Часть 1
27 июня 2020 г. в 01:01
Тимми никогда не может предугадать, что сделает Арми в следующий момент.
Может быть, погладит по голове, прошептав что-то ласковое, любовное, утешающее?
Или сгребет волосы в кулак, так что даже кожа на голове натянется, и станет раскачивать — больше, больше, пока комната не закружится у Тимми перед глазами? В такие минуты Тимми чувствует каждый миллиметр впивающихся в обнаженное тело веревок, каждый затянутый узел.
А может, Арми опустит его вниз головой, так что Тимми коснется лицом пола и кровь будет стучать в висках быстрыми молоточками, а внутри станет пусто и гулко, словно в брошенном на произвол судьбы доме? И ни одной мысли, лишь странное чувство, будто Тимми вдруг перестает быть человеком и становится зверьком, пойманным в силки давно поджидавшим его охотником.
Или Арми стянет веревки еще туже, так что каждый вздох будет даваться с огромным трудом, и сердце начнет бешено колотиться о клетку ребер, а Тимми испытает укол острейшей, отчаянной паники?
Приступ длится недолго — до тех пор, пока тело не привыкает к боли. Веревки больше не давят, зато Тимми вдруг понимает, что возбужден. И каждый раз, когда Арми делает это с ним, Тимми кажется, что все происходит впервые, и что такого сильного чувства — смеси боли, стыда, похоти — он не испытывал еще ни разу в жизни.
Тимми читал, что подобные чувства бывают у тех, кто подвергает себя сеппуку. Так и есть. Арми будто выворачивает его наизнанку. Каждый раз — заново.
От стыда на глаза наворачиваются слезы, и Тимми закрывает их: видеть Арми, его улыбку, его заинтересованный, изучающий взгляд сейчас невыносимо.
Тимми вдруг начинает злиться: на себя, на Арми, на то, что каждый раз, каждый гребаный раз позволяет ему делать это с собой.
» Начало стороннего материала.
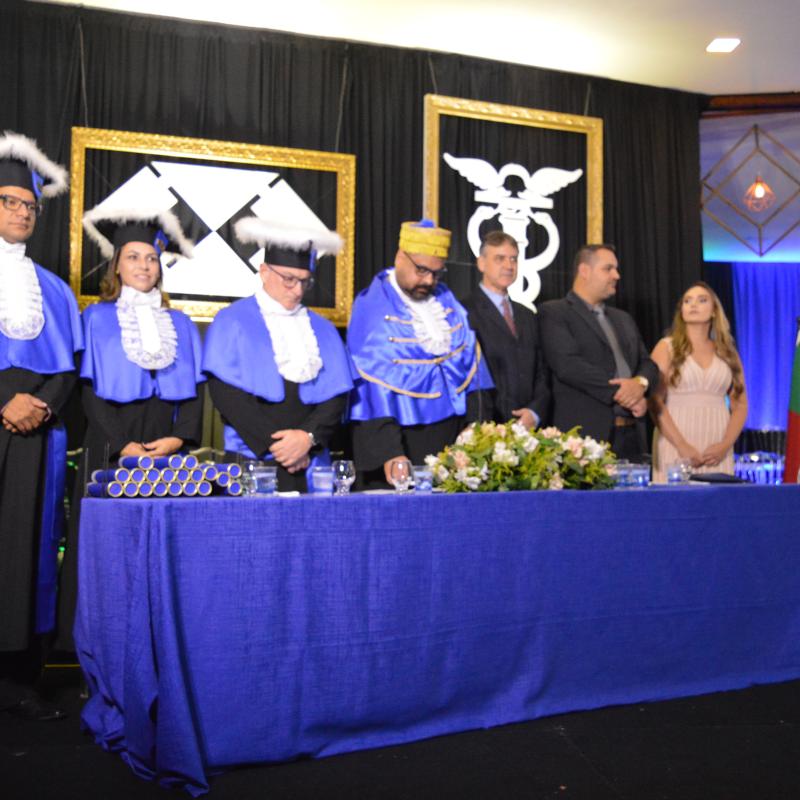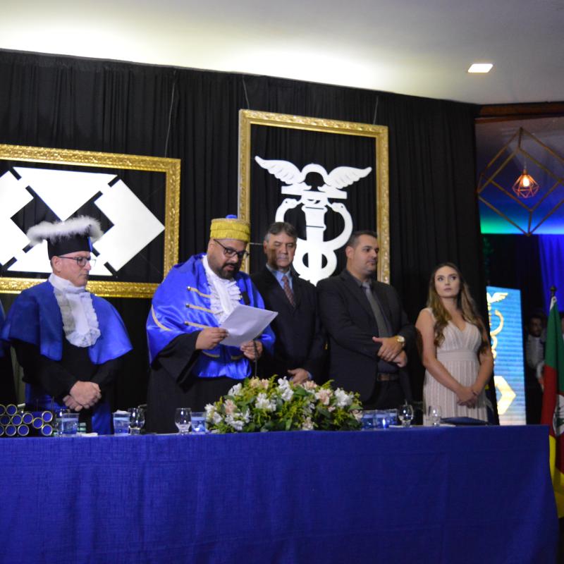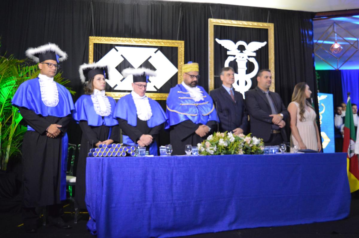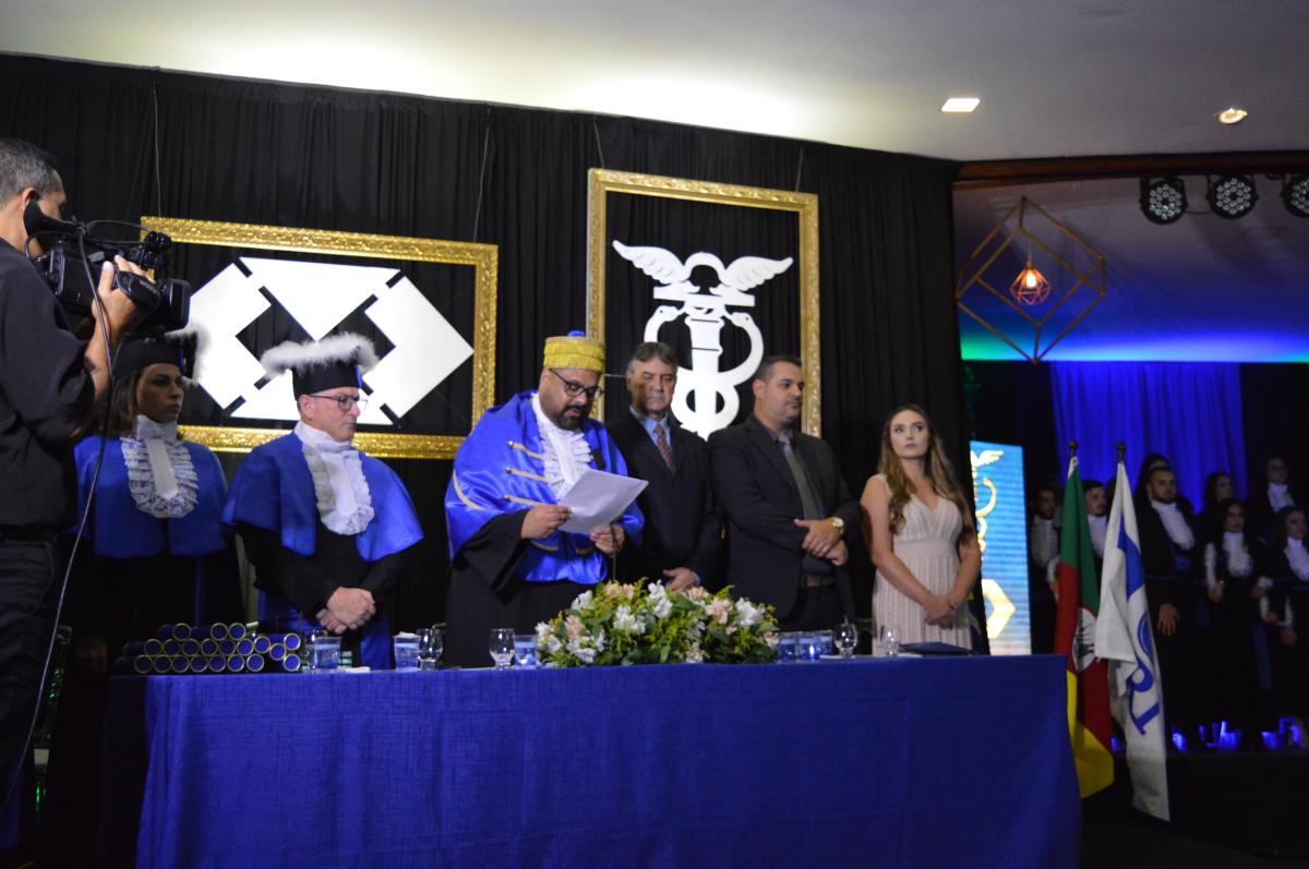 A solenidade presidida pelo Diretor Geral, Professor Julio Cesar Wincher Soares teve sua mesa composta pelo Coordenador dos Cursos de Administração e Ciências Contábeis, Profº Fabiano Minuzzi Marcon; a Patronesse das Turmas, Profª Sabrina Klose Nadalon; e o Paraninfo das Turmas, Profº Henrique Moreira Fruh Machado.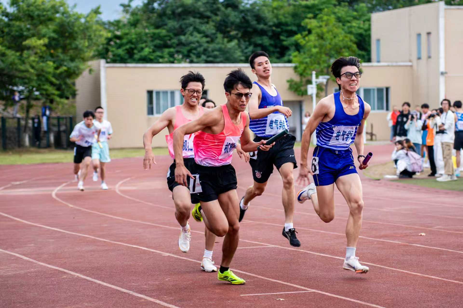 詹天宇、王超、潘佳豪、陈威同学齐心斩获男学甲4×100米接力第二名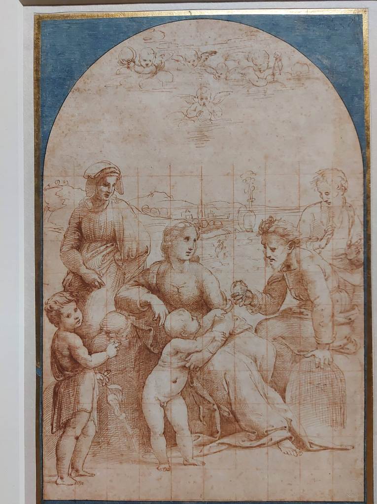 “Raphael was generous towards other artists throughout his career and provided designs for several of them to work from.” At first glance I thought this drawing was incredibly detailed for a preliminary sketch, and it was then I learnt this drawing was sent to a friend and fellow artist of Raphael, Domenico Alfani (about 1480/5-after 1553). Raphael sent this highly finished drawing from Florence to Domenico Alfani in Perugia, near central Italy, who used it to create an altarpiece in 1510, formerly in the church of Santi Simone e Giuda, Perugia. It was before creating the painting that Alfani added the grid, squaring up the drawing to transfer and enlarge the proportions. The drawing is another example of Raphael’s excellence in creating narratives between the characters, as eyes and hands, robes and limbs seem to continue their course of movement, even after the artist has finished his process.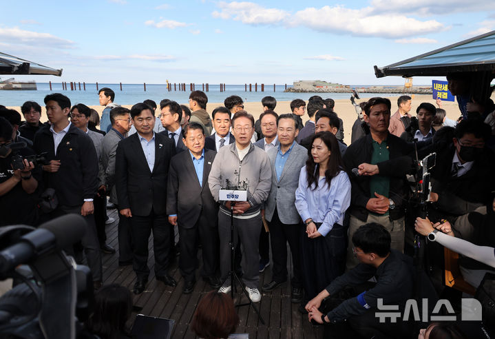 [삼척=뉴시스] 조성우 기자 = 민심을 청취하는 '경청 투어'에 나선 이재명 더불어민주당 대선후보가 3일 강원도 삼척시 삼척해수욕장 인근에서 주민과 관광객들을 만난 뒤 백브리핑을 하고 있다. 2025.05.03. [email protected]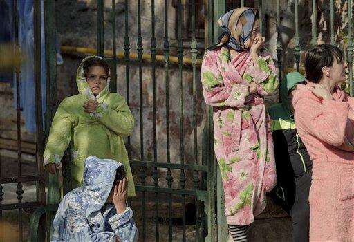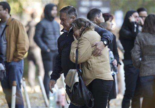 Residents stand outside outside the compound that housed the nightclub where a fire occurred in the early morning hours in Bucharest, Romania, Saturday, Oct. 31, 2015. Hundreds of young people had gone clubbing at the hip Colectiv nightclub Friday night to enjoy a free concert by the Goodbye to Gravity metal band but the evening ended in horror, as the inferno caused a panic that killed tens of people and injured many others.(AP Photo/Vadim Ghirda)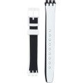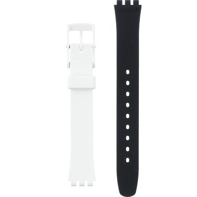 Dit Swatch horlogebandje is gemaakt van siliconen en wordt aan het horloge bevestigd door middel van stalen pennen. De band heeft een breedte van 12 mm en wordt gesloten door middel van een gesp. De band heeft geen rechte aanzet wat betekent dat deze band alleen geschikt is voor de horloges die hieronder worden vermeld.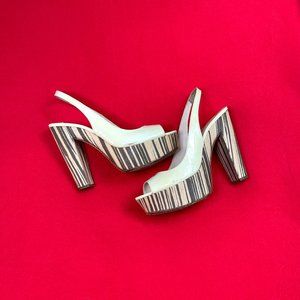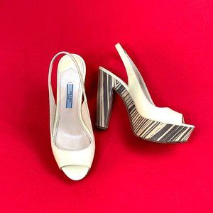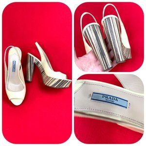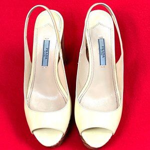 Authentic Prada 1Z647D Off White Bianco color PATENT LEATHER SLINGBACK WOOD PLATFORM SANDALS 7 ITALY 37. Striped Wood Peep Toe Platforms. Slingback strap at ankle Leather lining, Slightly padded leather insole "Prada" branding on insole, Leather outsole 1- 1/2" striped wooden platform, 4 3/4" striped wooden heel very comfy!

Злится — и дергается в веревках, и думает с раздражением, что похож на пойманную в сети паука муху.
А в следующий миг Арми уже прижимает его к своей груди.
— Тише, мальчик, тише, — Арми по-прежнему шепчет, а прикосновения его губ и пальцев рассеивают гнев и стыд Тимми.
Он слушает мерное биение сердца Арми и успокаивается. Так — должно быть. Так — правильно. Так, рядом с Арми, в его путах, — Тимми готов провести вечность.
Арми снова берет его за волосы, но сейчас его прикосновение почти нежное, почти ласковое.
— Тимми, — зовет он. — Тимми...
Тимми открывает глаза — и встречается с ним взглядом. И это не привычный Арми — его глаза кажутся двумя огромными провалами на побледневшем, с заострившимися скулами лице.
— Что ты будешь чувствовать, что ты будешь делать, если я сейчас уйду, Тимми? — спрашивает Арми, вглядываясь в него, словно Тимми не человек, а зеркало. Зеркало его страстей, обратная сторона его собственных желаний.
Но Тимми знает — Арми никуда не уйдет. Он тоже — зеркало. Зеркало, в котором отражается Тимми.